Je sais que j’ai eu une mémoire. Mais je sens qu’elle n’est presque plus, qu’elle est moribonde. L’essentiel de ce qu’elle fut a été dissous. Il n’est donc pas question que je me torture, que je tente de me souvenir de mon nom, de qui je suis, de ce que je fis. Je n’ai plus de nom, ce fait est indéniable et définitif, voilà tout. Il me suffit de savoir que j’eus une mémoire et que je suis. Chercher à savoir comment je le sais pourra m’occuper longtemps. Pourquoi sais-je encore lire et écrire ? Pourquoi la plume est-elle si docile entre mes doigts ? Ces questions me passionnent. J’ai la conviction qu’il est toujours possible de découvrir quelque chose de nouveau. L’enfermement n’est pas un obstacle à la découverte.
        Je suis assis sur un cube. Est-ce une chaise ? Il me convient parfaitement. Je me plais à imaginer l’appui d’un dossier, le confort même d’un rembourrage, la chaleur de cette matière… le bois. Mais je n’en regrette pas l’absence. Je goûte pleinement ce simple support et m’y trouve assis noblement. Il me met à hauteur de la table, du plan devrais-je dire : pas de pied, une surface lisse, blanche, intouchée, étroite, en légère avancée du mur opposé à la couche, presque improbable, comme cette main qui écrit, pourtant là.

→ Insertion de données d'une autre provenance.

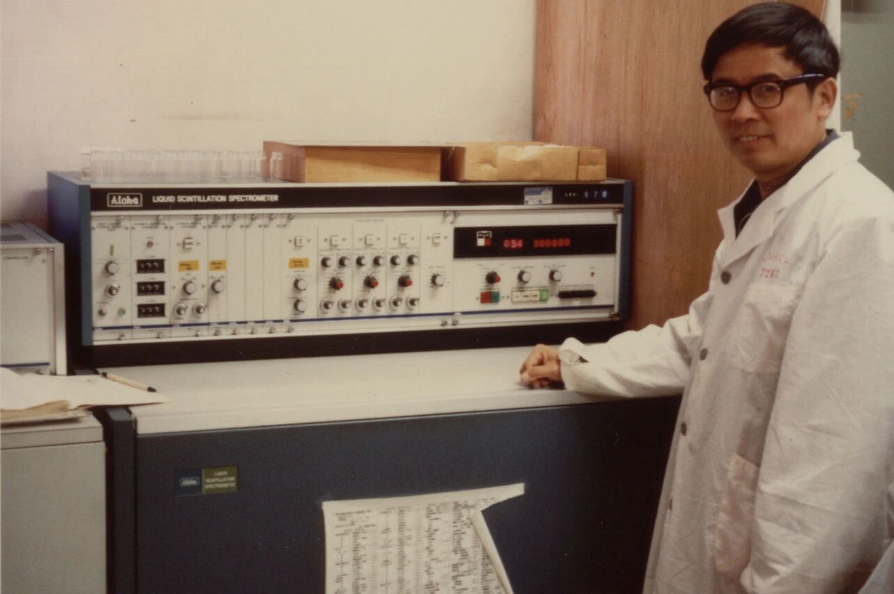 姚新生在操作液体闪烁测定仪。来源/中国科学家博物馆

Quand j’ai ouvert les yeux, je ne l’ai d’abord pas remarquée. Puis passé l’éblouissement, j’ai discerné cette discrète irrégularité et j’ai aperçu dans l’angle droit … une bouteille, petite, noire, fragile, suspendue, inconcevable. J’ai refermé les yeux et ai pensé à quelque chose de vivant, à un rat, debout, le museau curieux dressé, prêt à bondir ou disparaître mais pour aller où ? C’était bien une bouteille, un encrier ! A côté, un porte-plume, quelques feuillets. Une invitation à l’écriture. Et … un grain de poussière. De la matière à écrire et une invitation à la réflexion. L’unique grain de cette pièce hermétique à tout. A un millimètre de la plume. D’où vient-il ? Pas une ouverture donc, pas un textile non plus. Je ne puis donner ce nom à mon vêtement : une combinaison impalpable, sans poids, indéchirable, épousant mon corps comme une peau, un peu plus blanche que les murs, quasi inexistante. Le lit, la couche, dans mon dos, n’est pas davantage réalisé à partir de fibre. Rien de ligneux, aucune aspérité, pas le moindre fil. Pas de poil non plus ! Je me souviens dans la glace…Je n’ai pas de cheveux, pas de sourcils, pas de cils, pas le début d’une barbe…Examen complet !
     Je n’ai pas un seul poil. De la tête aux pieds, je suis aussi lisse que toutes choses ici.
    Je ne comprends pas. Je me suis reconnu en tant qu’homme dans la glace et je sais que ma pilosité est absente. Les hommes ne sont donc pas ainsi que je suis. Pourquoi ?

* * *
 
      Comment le grain de poussière est-il parvenu jusqu’ici ? Il est la seule incongruité, la preuve de l’ailleurs, le signe miraculeux d’un monde. Il n’était pas dans un interstice du filetage du bouchon de l’encrier. Je l’ai repéré bien avant l’ouverture. Je n’ai pas osé m’approcher de trop près, j’ai crains que mon souffle… ne le disperse, ne le désagrège, ne le divise en particules invisibles et perdues. J’ai dû prendre l’encrier avec d’infinies précautions mais je n’étais pas excessivement tendu, juste un peu pour le bonheur de l’être. Je me suis détourné de lui, dou-ce-ment, un courant d’air et…Sa présence m’a été une chaleur dans cet espace froid. Nos rayonnements se sont rencontrés Puis, j’ai glissé avec mon cube le long du plan d’écriture, le plus loin possible pour un temps. Nous nous étions assez vus pour une première fois. Et maintenant le grain est là-bas. Comme un autre moi-même. Par lui la pièce est divisée en deux côtés. Par lui ma pensée est excitée de l’idée d’inconnu.
L’approcher et l’examiner
       J’ai conscience que l’attention que je lui porte doit être insolite à l’extérieur et qu’en définitive je suis peut-être un fou, un fou de la pire espèce pour être enfermé ainsi sans contact. Si j’ai terrorisé mes semblables, on a voulu m’ôter à leur vue et les ôter de mes mains. Que ferais-je si un lecteur parcourait ce feuillet, irait-il jusqu’au bout de cette phrase ? Le meurtre est peut-être le fond de mon être, on me la fait oublier pour écarter tout danger et je suis là pour le reste de mes jours, à perpétuité, hors des hommes, mes ex-semblables, jusqu’à ce que mort s’en suive.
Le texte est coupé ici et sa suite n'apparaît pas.